──────── SOURCE RECORDS

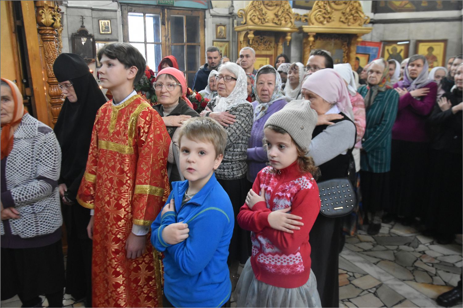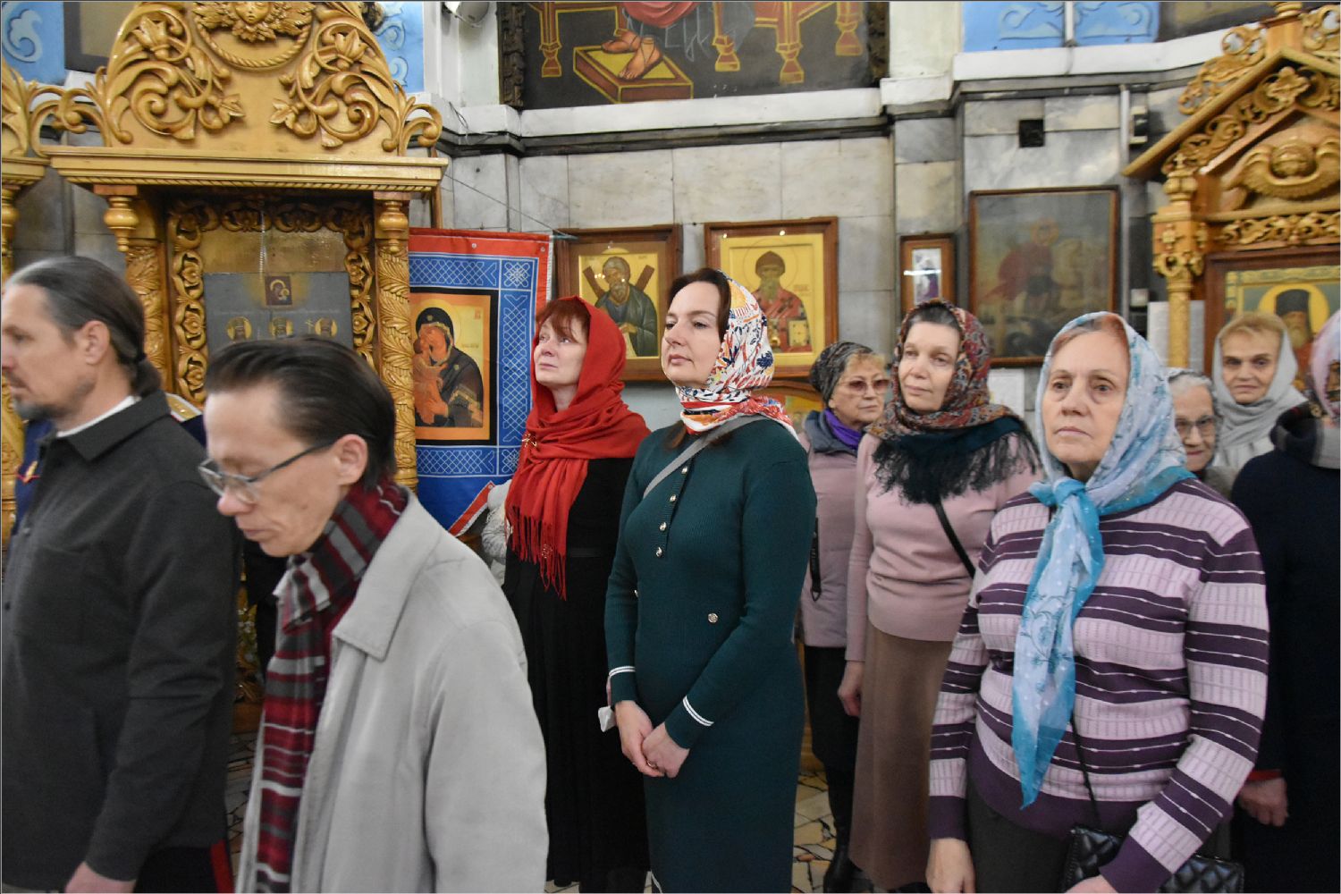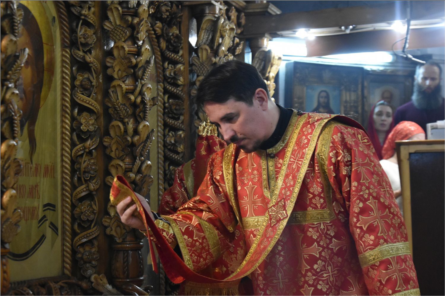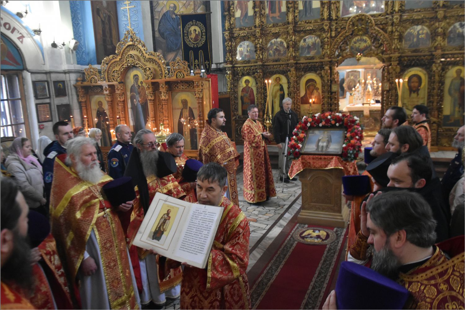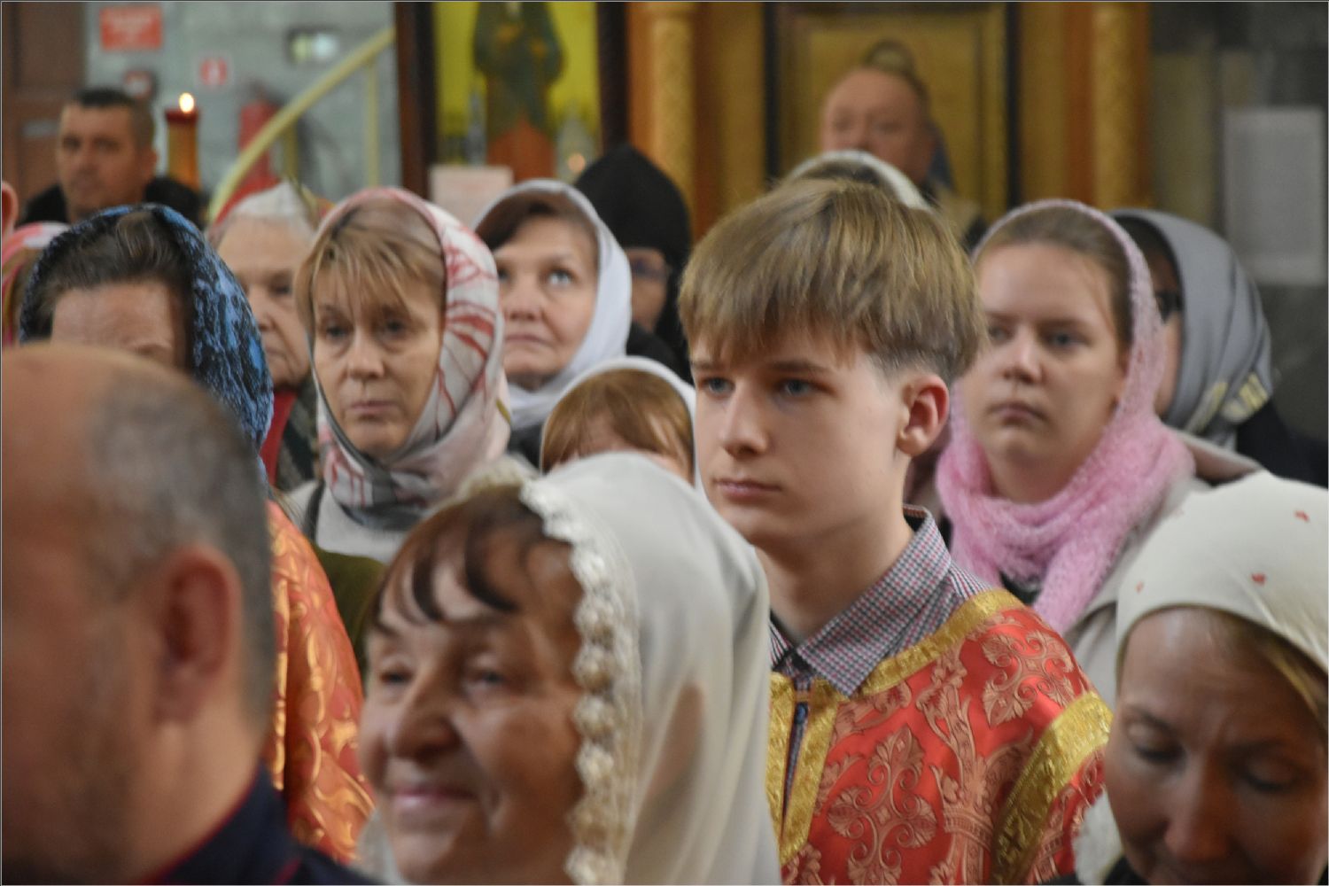 На мирной и сугубой ектениях были вознесены молитвы о Российском воинстве и о мире. По запричастном стихе проповедь произнёс иерей Александр Миронов.
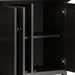 - Features four (4) doors that open to three adjustable shelves for versatile storage
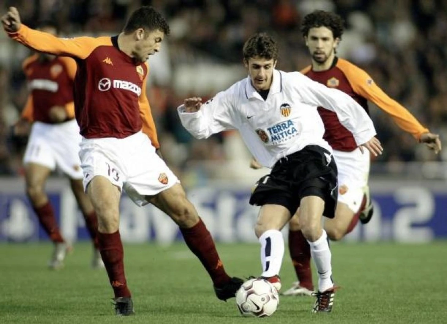 Одно из девяти (!) противостояний между испанской и итальянской командами в рамках Лиги Чемпионов 2002/2003. "Рома" и "Валенсия" выясняли отношения на втором групповом этапе. Также в той группе играли "Арсенал" и "Аякс". К третьему туру "Валенсия" подошла с двумя очками - команда сыграла в ничью с "Аяксом" (1-1 дома) и "Арсеналом" (0-0 в гостях). А вот "Рома" оба стартовых матча проиграла - "Арсеналу" дома (1-3) и "Аяксу" в гостях (1-2). Так что обеим командам было необходимо брать максимум в личных встречах. Первый матч в Риме остался за "Валенсией" - испанский клуб победил благодаря голу Джона Карью на 78-ой минуте.
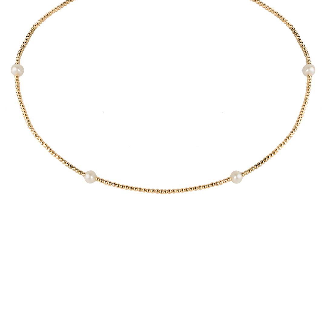 15" 2.5mm Gold Filled Beaded Choker with 4 water fresh pearls
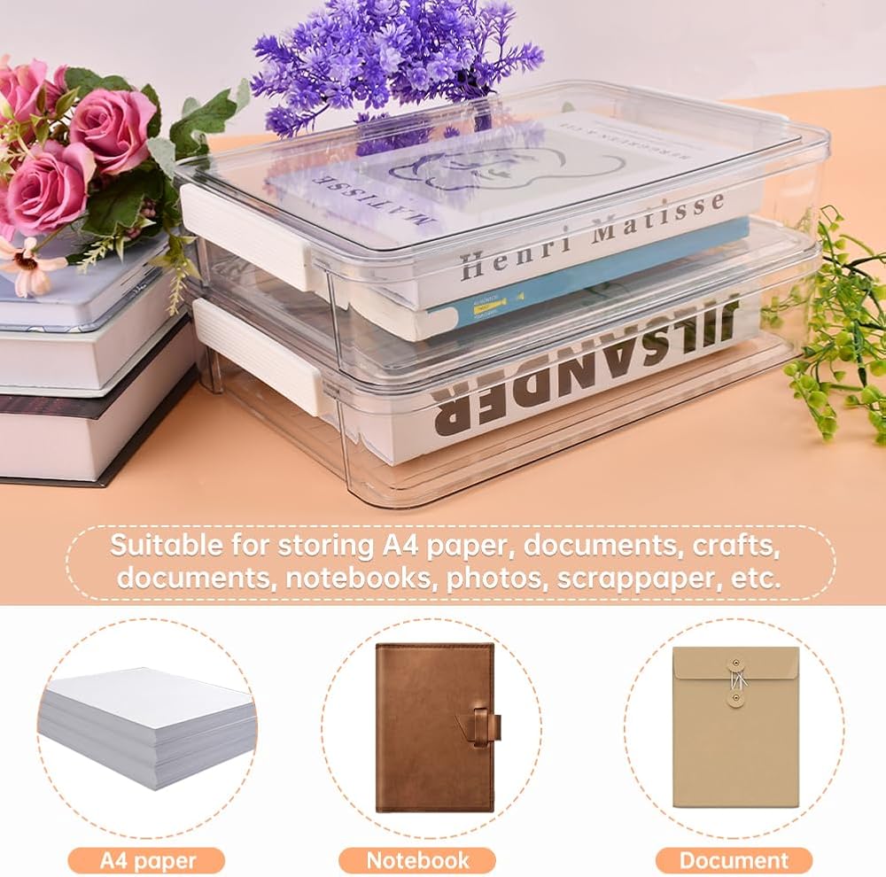 【WIDE APPPLICATION】(L x W x H)about 34.5 x 23.5 x 7cm/13.58 x 9.25 x 2.76inch,suitable for holding standard A4 paper, files, documents, notebooks, crafts, photos, scrapbooking paper, etc, can be stored at home, office, or school.
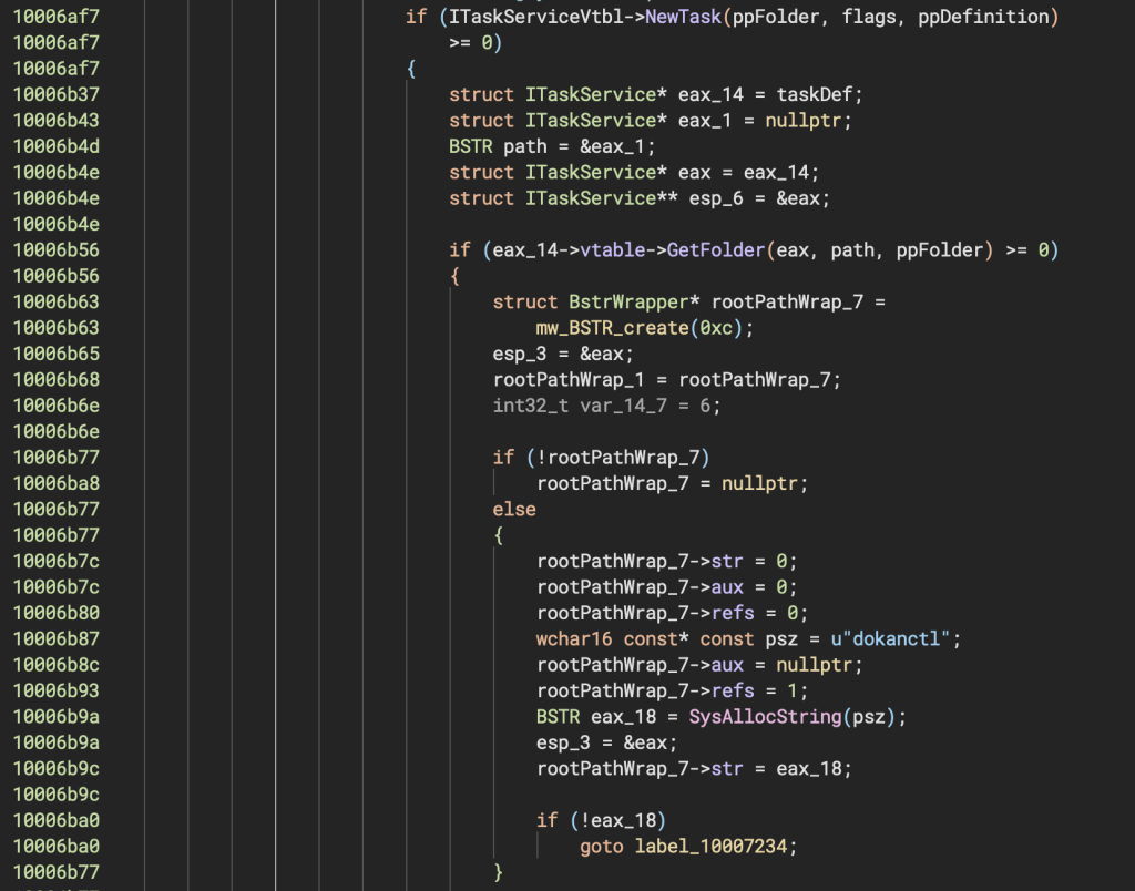 Once installed, it attempts to spin up the Task Scheduler COM service, connect to the local scheduler, open the root folder (“\”) and obtain an IRegisteredTask for a task named dokanctl. If the task doesn’t exist, it will create it using RegisterTaskDefinition. The task is set to execute every minute, it sets the execution path to the folder in AppData created earlier: %APPDATA%\<random-6-chars>\svchosts.exe, and sets it as the action Path. The task is registered in the root folder with the name dokanctl.
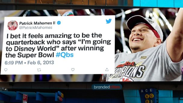 Mahomes signaled his future Super Bowl success in 2013. The tweet came three days after the Baltimore Ravens defeated the 49ers in Super Bowl XLVII. In 2013, Mahomes was a high school junior and more than a year from committing to play football at Texas Tech. The tweet came almost seven years to the day prior to his Super Bowl LIV triumph.
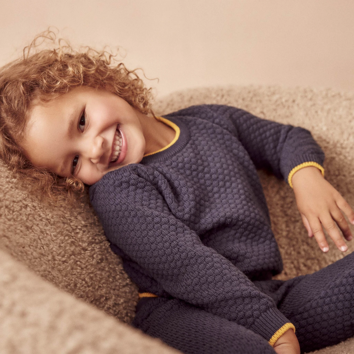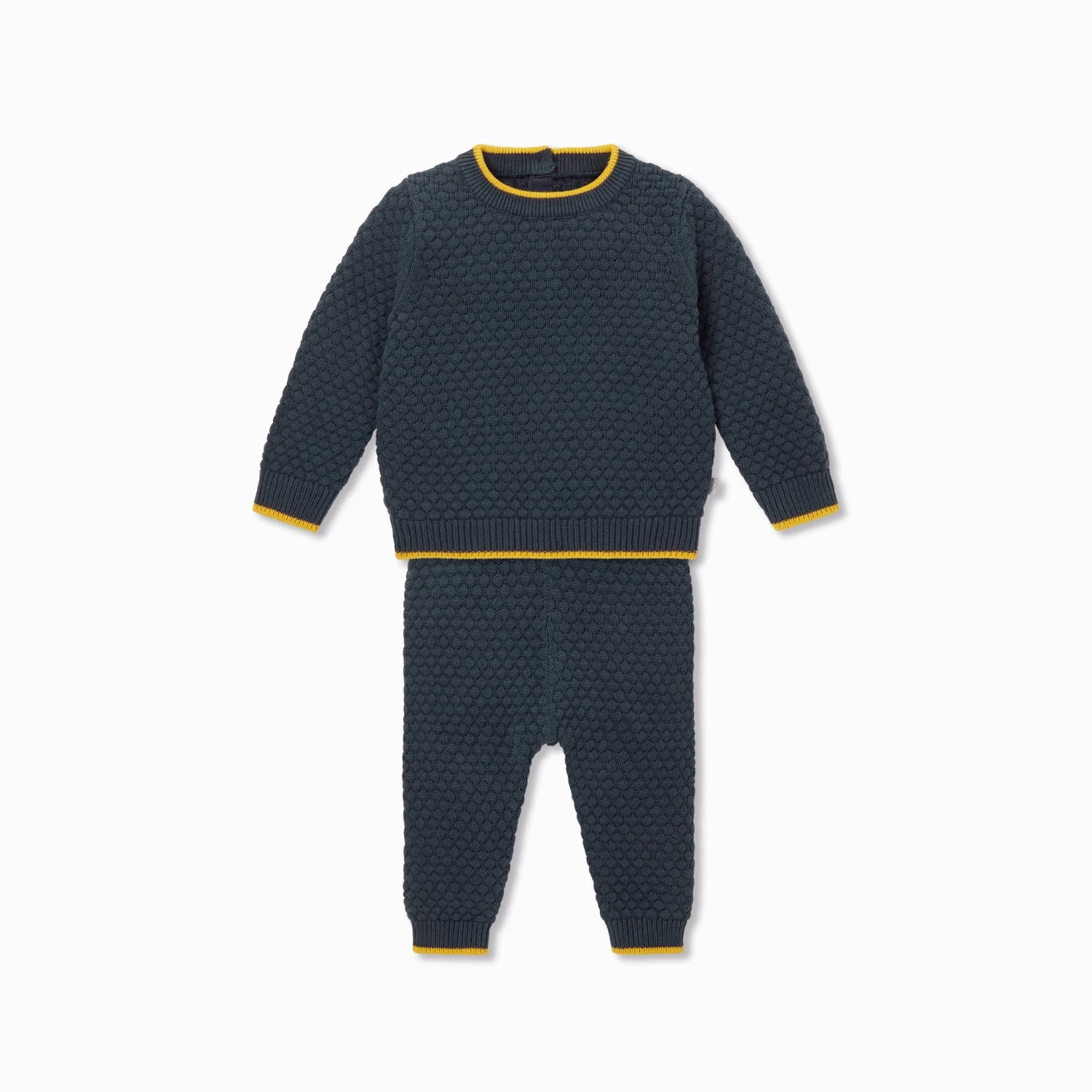 Our comfortable organic cotton Chunky Knit Sweater & Joggers Outfit is perfect for chilly-day playdates.
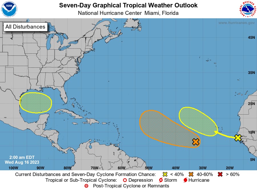Se mantiene vigilancia de una Onda Tropical sobre el occidente del Mar Caribe hacia el sur sobre Honduras, C.A., y más al sur sobre el Océano Pacifico, se mueve al oeste a razón de entre 18 y 27 km/h.
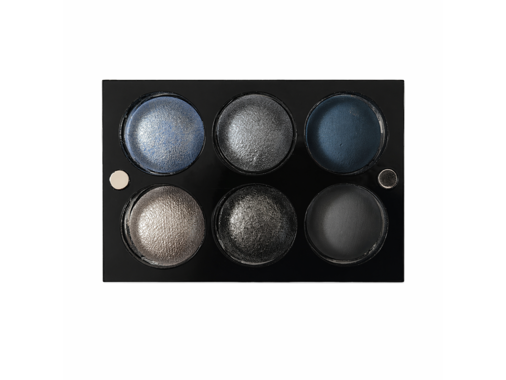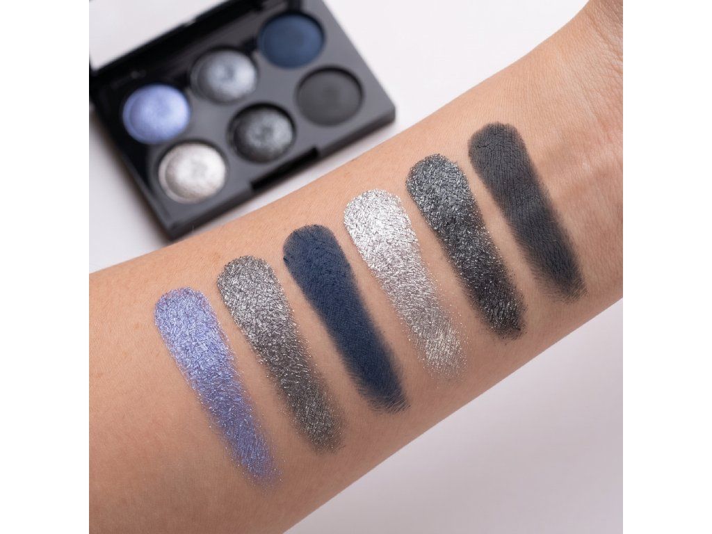 - 4 perleťové oční stíny – modrá a šedá s jemným třpytivým efektem
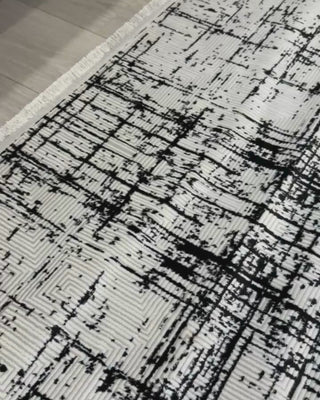 Rüya Sade Desenli İnce Makine Halısı Siyah Beyaz
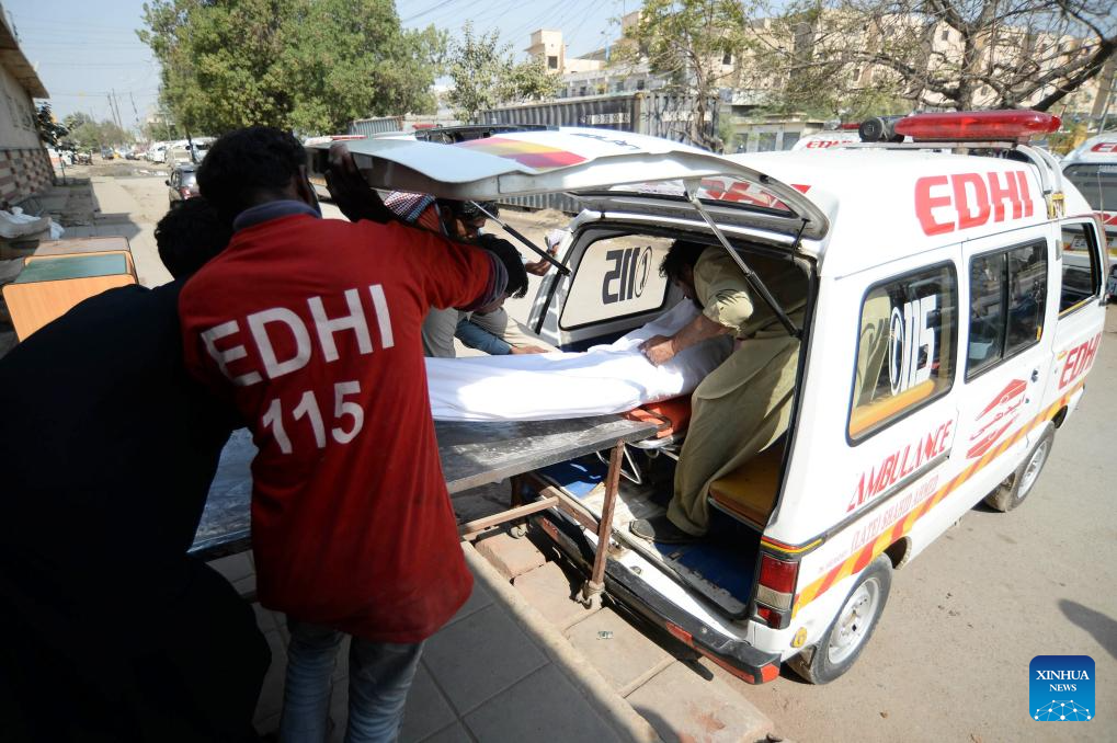 Rescuers transfer a body at a mortuary following a fire at a shopping mall in southern Pakistani port city of Karachi on Jan. 21, 2026. The death toll from a shopping mall fire in Pakistan's southern port city of Karachi climbed to 60 after at least 30 bodies were recovered from a shop of the multi-storey building, officials said on Wednesday. (Str/Xinhua)

────────────────

## WORK ITEM
Every entry above should be returned exactly, with no images included.

## EXERCISE RESPONSE
 На мирной и сугубой ектениях были вознесены молитвы о Российском воинстве и о мире. По запричастном стихе проповедь произнёс иерей Александр Миронов.
 - Features four (4) doors that open to three adjustable shelves for versatile storage
 Одно из девяти (!) противостояний между испанской и итальянской командами в рамках Лиги Чемпионов 2002/2003. "Рома" и "Валенсия" выясняли отношения на втором групповом этапе. Также в той группе играли "Арсенал" и "Аякс". К третьему туру "Валенсия" подошла с двумя очками - команда сыграла в ничью с "Аяксом" (1-1 дома) и "Арсеналом" (0-0 в гостях). А вот "Рома" оба стартовых матча проиграла - "Арсеналу" дома (1-3) и "Аяксу" в гостях (1-2). Так что обеим командам было необходимо брать максимум в личных встречах. Первый матч в Риме остался за "Валенсией" - испанский клуб победил благодаря голу Джона Карью на 78-ой минуте.
 15" 2.5mm Gold Filled Beaded Choker with 4 water fresh pearls
 【WIDE APPPLICATION】(L x W x H)about 34.5 x 23.5 x 7cm/13.58 x 9.25 x 2.76inch,suitable for holding standard A4 paper, files, documents, notebooks, crafts, photos, scrapbooking paper, etc, can be stored at home, office, or school.
 Once installed, it attempts to spin up the Task Scheduler COM service, connect to the local scheduler, open the root folder (“\”) and obtain an IRegisteredTask for a task named dokanctl. If the task doesn’t exist, it will create it using RegisterTaskDefinition. The task is set to execute every minute, it sets the execution path to the folder in AppData created earlier: %APPDATA%\<random-6-chars>\svchosts.exe, and sets it as the action Path. The task is registered in the root folder with the name dokanctl.
 Mahomes signaled his future Super Bowl success in 2013. The tweet came three days after the Baltimore Ravens defeated the 49ers in Super Bowl XLVII. In 2013, Mahomes was a high school junior and more than a year from committing to play football at Texas Tech. The tweet came almost seven years to the day prior to his Super Bowl LIV triumph.
 Our comfortable organic cotton Chunky Knit Sweater & Joggers Outfit is perfect for chilly-day playdates.
Se mantiene vigilancia de una Onda Tropical sobre el occidente del Mar Caribe hacia el sur sobre Honduras, C.A., y más al sur sobre el Océano Pacifico, se mueve al oeste a razón de entre 18 y 27 km/h.
 - 4 perleťové oční stíny – modrá a šedá s jemným třpytivým efektem
 Rüya Sade Desenli İnce Makine Halısı Siyah Beyaz
 Rescuers transfer a body at a mortuary following a fire at a shopping mall in southern Pakistani port city of Karachi on Jan. 21, 2026. The death toll from a shopping mall fire in Pakistan's southern port city of Karachi climbed to 60 after at least 30 bodies were recovered from a shop of the multi-storey building, officials said on Wednesday. (Str/Xinhua)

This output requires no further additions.